Dudo, sin embargo, que legítimamente tras esos procesos no pudiéramos alzar una exigencia política
universal relativa al desarrollo de un proyecto de sociedad autónoma, sin tutelajes metropolitanos. Si bien
la argumentación de B. Anderson resulta convincente al señalar que no existe relación necesaria entre
«nacionalismo» y «fascismo» (Comunidades imaginadas, Fondo de Cultura Económica, México, p.209),
eso no implica que no haya relación alguna (y elucidar esa relación sigue siendo en buena medida una
tarea pendiente). Es cierto que mientras el «racismo» plantea al otro como inconvertible, el
«nacionalismo» no niega la posibilidad de una inclusión de ese otro (a partir de la nacionalización) dentro
de la propia comunidad imaginada. Del mismo modo, mientras que la posición racista habitualmente se
manifiesta al interior de unas fronteras nacionales, la posición nacionalista se hace manifiesta de cara al
exterior. Sin embargo, habría que preguntarse qué ocurre cuando la «nacionalidad», de forma solapada, es
construida como una categoría identitaria naturalizada, más allá del estatuto jurídico de la persona. Dicho
en otras palabras: si una sociedad instituye como estable la equivalencia entre «nacionalidad» y una
«raza» o «etnia» particular, entonces, el efecto del nacionalismo termina siendo la reivindicación racista o
etnocéntrica. Tal parece ser la operación discursiva que algunos grupos de derecha plantean en EEUU
(que no dudan en plantear como «extranjeros» a una parte de la población nacional). Más en general,
cualquier variante nacionalista que construya una presunta «esencia nacional» (una identidad fija) plantea
como contratara la imposibilidad de integrar una diferencia determinada. En ese nivel, el nacionalismo
puede devenir una forma de fascismo: la superioridad de la nación se materializa en exterminio de los
“extranjeros” allí donde estén.
(2) La búsqueda pública del «interés general» ha seguido derroteros distintos y contrapuestos: desde el
genocidio de una disidencia política relevante hasta el precario intento de una consolidación institucional
desestabilizada menos por el poder militar que por el poder económico; desde la privatización de lo
público y el crecimiento del endeudamiento estatal hasta la reconstrucción de un modelo agro-exportador
ante el incremento de la demanda externa de materias primas. En suma: más que constatar respuestas que
de forma universal han priorizado unos intereses particulares con consecuencias colectivas nefastas, lo
que resulta claro es que las respuestas específicas a lo que constituye en un momento dado el “interés
general” varían de período en período y de gobierno en gobierno. Como significante en el campo político,
la significación de dicho “interés” varía según la posición política en la que nos situemos. Nada diferente
ocurre con la noción de «lo nacional-popular»: carece de un significado estable. Su sentido depende de la
articulación que un discurso político específico efectúe. Si bien dicha inestabilidad semántica forma parte
del juego democrático, al menos para muchos de nosotros el sentido de la democracia ha estado mucho
menos vinculado a la pertenencia a una comunidad nacional que a la posibilidad de acceso igualitario a
ciertas oportunidades sociales (laborales, intelectuales, educativas, etc.) que, ciertamente, no fueron
moneda corriente en las últimas décadas en Argentina para una parte importante de la población.

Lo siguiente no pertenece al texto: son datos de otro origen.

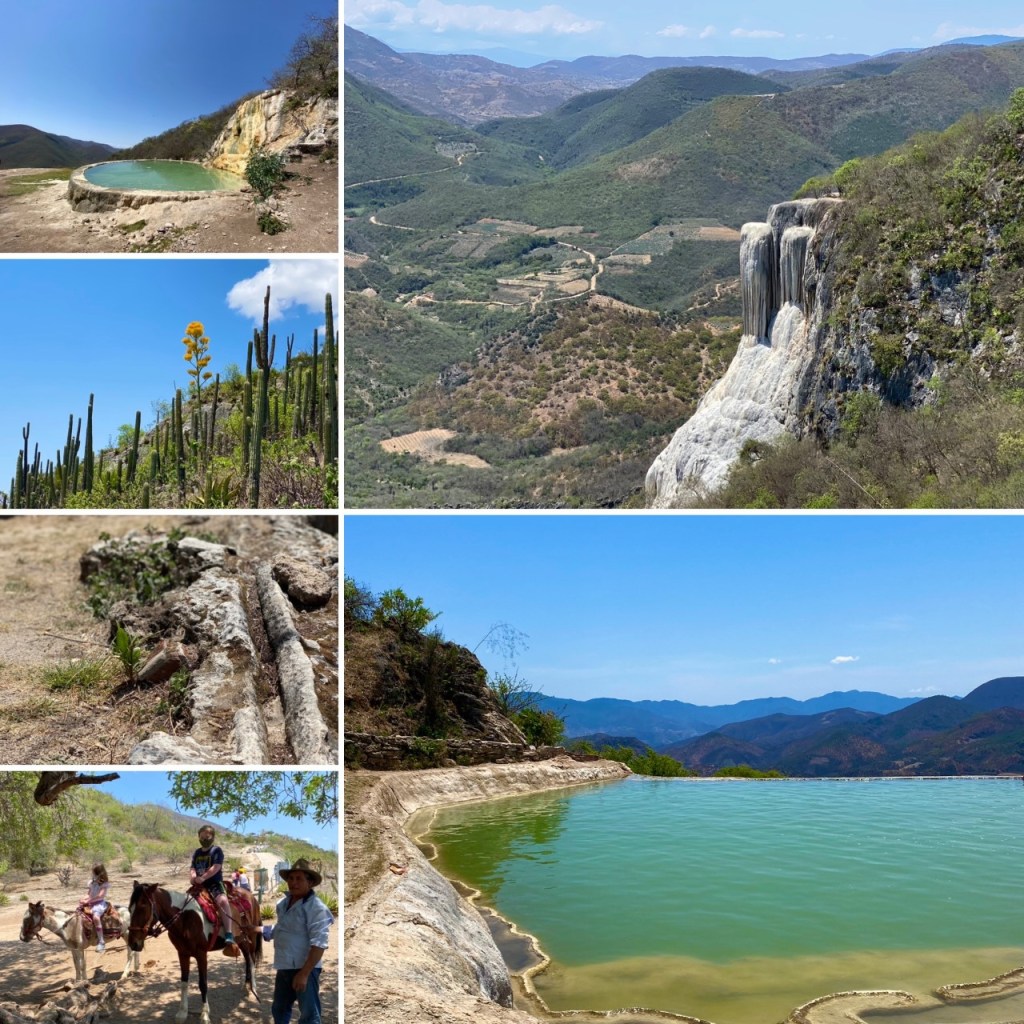 My geologist friend said the rocks are tufa, she said they are formed because the hot water in the ground leaches out minerals from the rock, then when it cools, it deposits the minerals again. Because the water is moving, the formation is globular and not crystal. You can hike around to to the top of the big petrified waterfall, or take a dip in the pool below one that is currently forming. The views out over the valley are gorgeous. There is a man with a donkey and a horse who will take you back up the hill for $50 pesos per person which we did for our two youngest. We left at 1 p.m. and we were really glad we did as the whole road was full of mini vans, small buses and cars squeezing their way up the dirt road. Maybe because it was a weekend it was busy? Either way, I would go in the morning.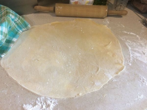 Para armar la masa (ya he contado esto en unas cuantas recetas) Tomar la harina, agregarle los huevos y el aceite mas la sal, y amasar hasta que quede una masa uniforme. Reservarla 30 minutos. Yo últimamente para estirar la masa uso un palo de amasar porque la pastalinda me da fiaca….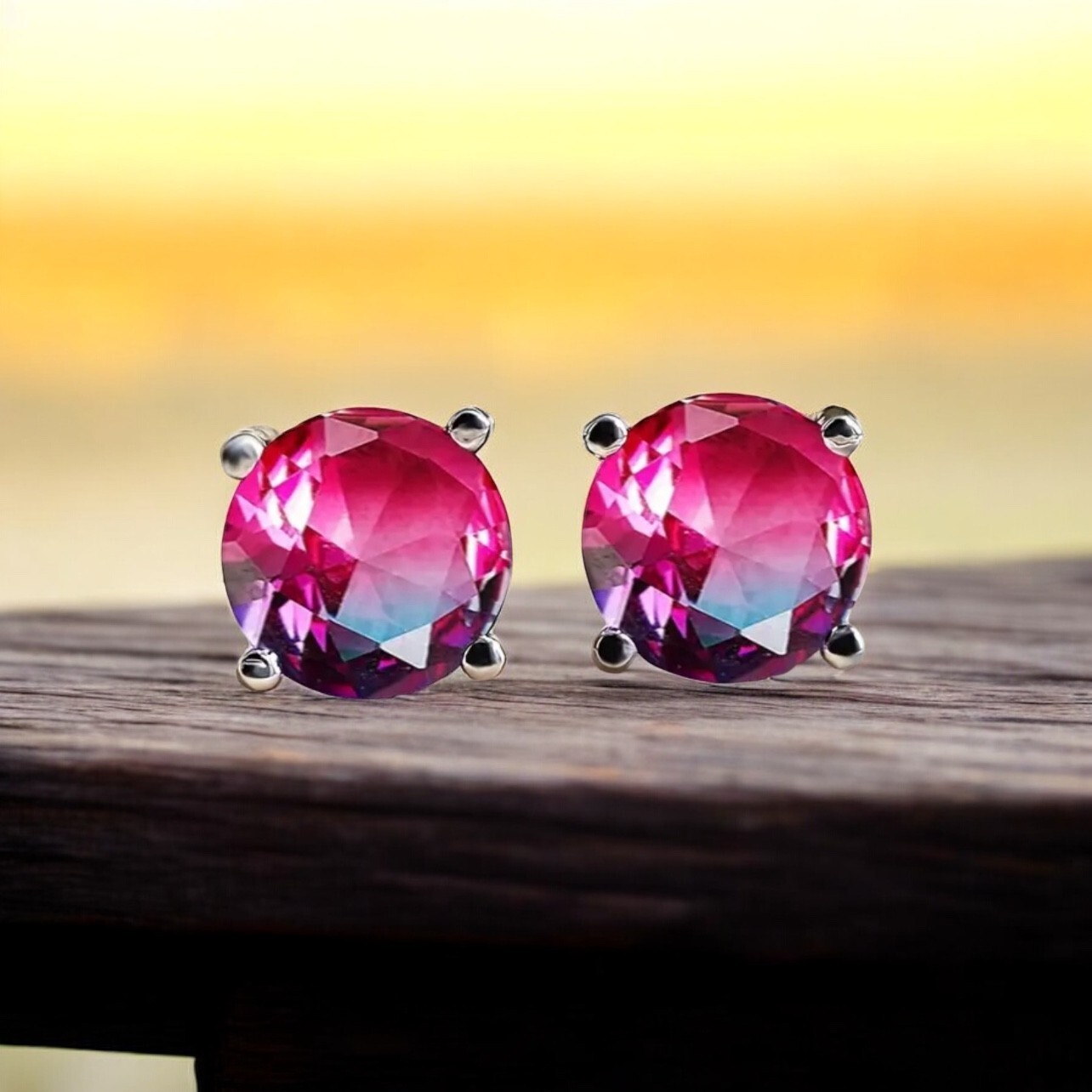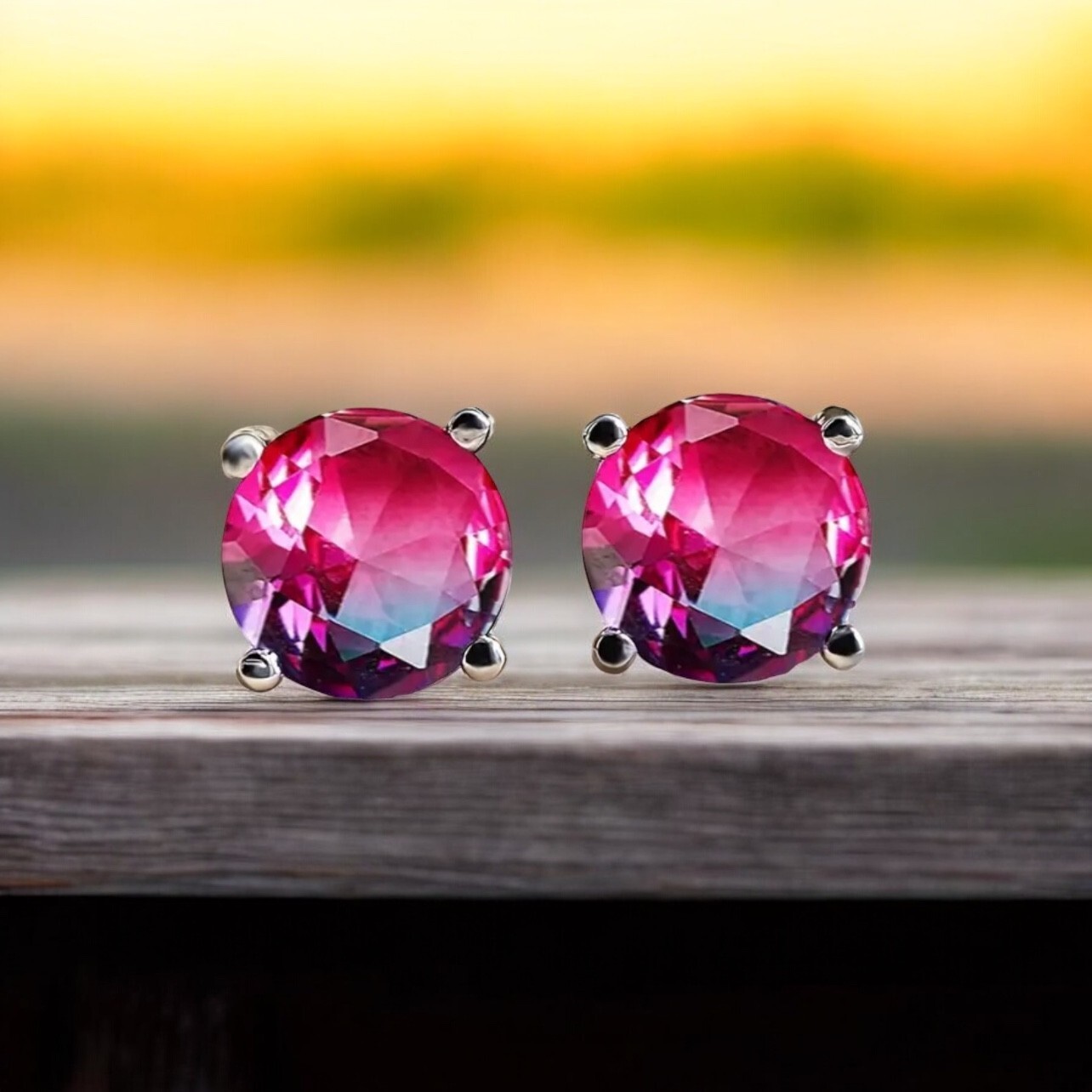 These earrings are perfect for any occasion, whether you're dressing up for a night out or adding a pop of color to your everyday outfit. The tourmaline has been heated and pressure treated for a beautiful and unique pink hue. These earrings are suitable for pierced ears and are 6mm in diameter.

(3) En este sentido, evitar juicios morales unilaterales tanto sobre los sujetos migrantes como sobre los
sujetos nativos es escapar a una lógica binaria y simplista que atribuye comportamientos homogéneos a
sujetos heterogéneos. Es tan cierto sostener que algunos grupos de inmigrantes se mueven por los
espejismos de bonanza económica sobre alguna patria lejana como afirmar que otros se mueven por el
deseo de cambio cultural, por la voluntad de salirse de una específica forma de vida o incluso por una
voluntad de vivir amenazada en su país de origen. A la inversa, es inverosímil sostener que la estancia
permanente de las poblaciones nativas responde a la altruista «decisión» de defender lo nacional.